Norwegian Augustana Synod (NAS) was a Lutheran church body in the United States from 1870 to 1890. The group's original name was the Norwegian-Danish Augustana Synod in America. The name was shorted in 1878.

Background
The NAS was created out of the Scandinavian Augustana Synod (SAS) in 1870. The NAS was primarily made up of Norwegians (along with some Danes). At the same time the NAS was being formed, another group of Norwegians and Danes created out of the SAS the Conference of the Norwegian-Danish Evangelical Lutheran Church of America (The Conference).

The difference between the NAS and the Conference was the inclusion of the Book of Concord.

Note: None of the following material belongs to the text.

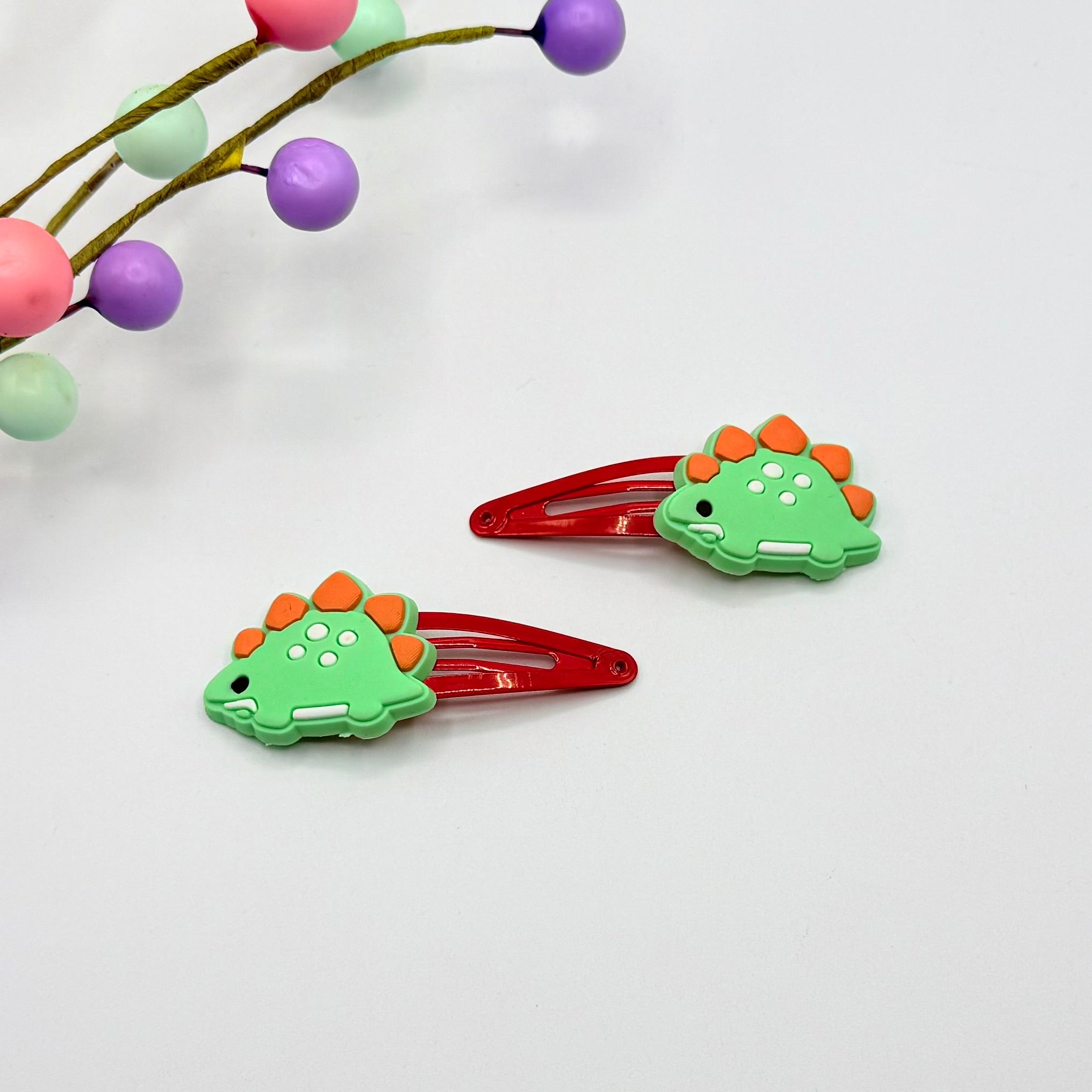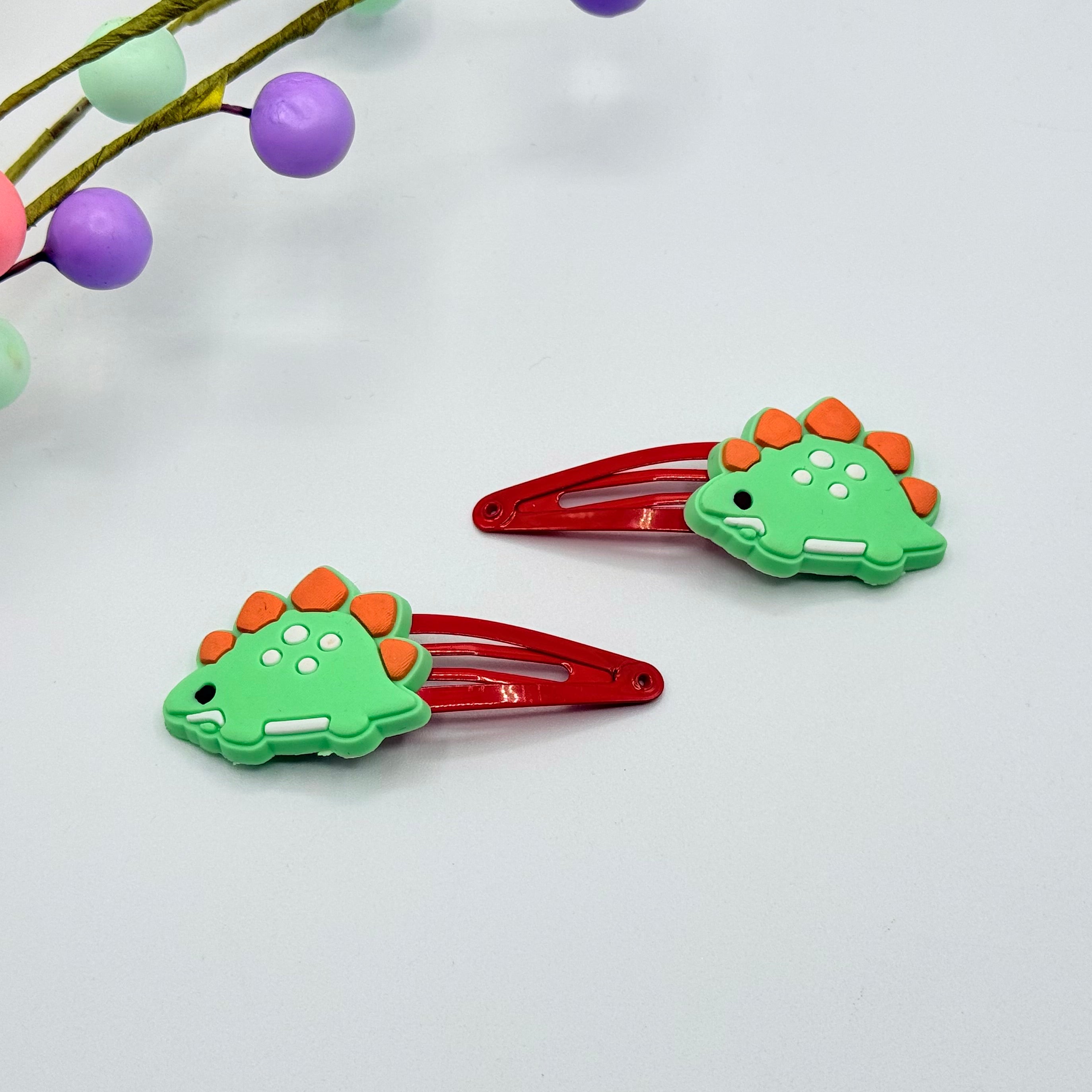 Green Dino Hair Clip Set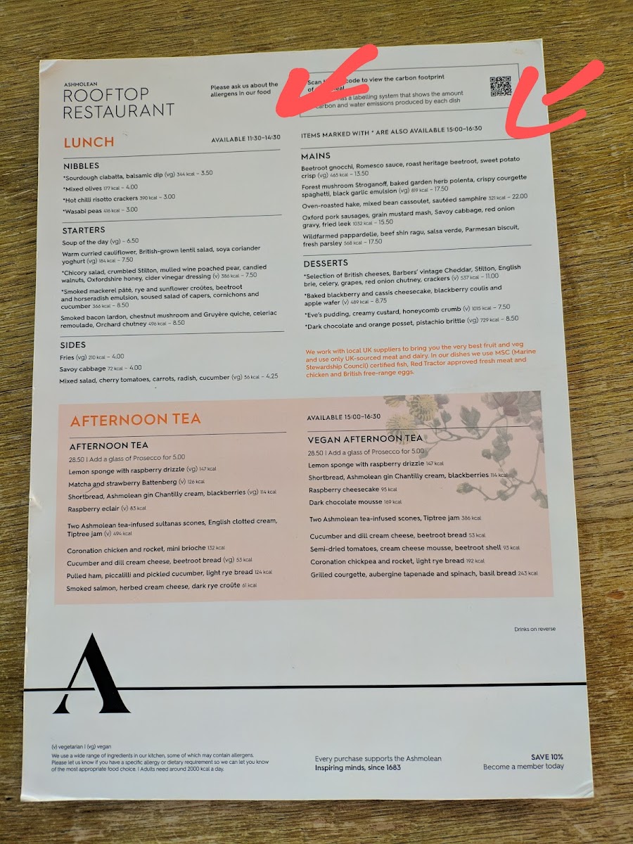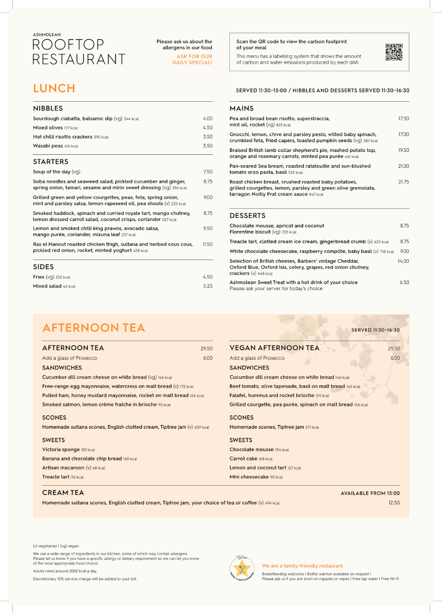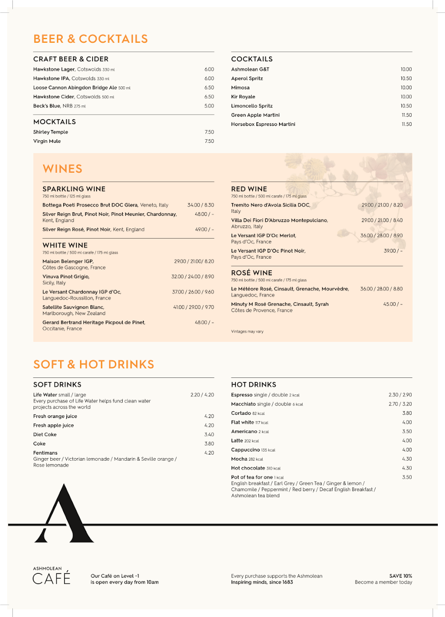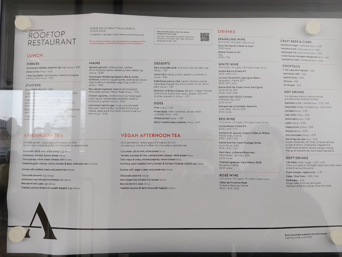 The menu at Ashmolean Rooftop Restaurant offers a thoughtfully curated selection that balances classic British fare with light, contemporary touches. It feels approachable yet refined, well suited to the relaxed rooftop setting overlooking Oxford’s historic streets.

The NAS wanted to include the whole book as confessional base. The Conference just wanted the three ecumenical creeds, Luther's Small Catechism and the Unaltered Augsburg Confession.

The two groups along the Anti-Missourian Brotherhood group from the Norwegian Synod united in 1890 to form the United Norwegian Lutheran Church of America.

Presidents
O. J. Hatlestad   1870–1880
Ole Andrewson 1880–1885
Andreas Wright 1885–1888
O. J. Hatlestad   1888–1890

See also

The Norwegian Lutheran Church in the United States

References
 The Lutheran Church-Missouri Synod Christian Cyclopedia

Other source
Nelson, E. Clifford, and Fevold, Eugene L. The Lutheran Church among Norwegian-Americans: a history of the Evangelical Lutheran Church (Minneapolis, MN: Augsburg Publishing House, 1960)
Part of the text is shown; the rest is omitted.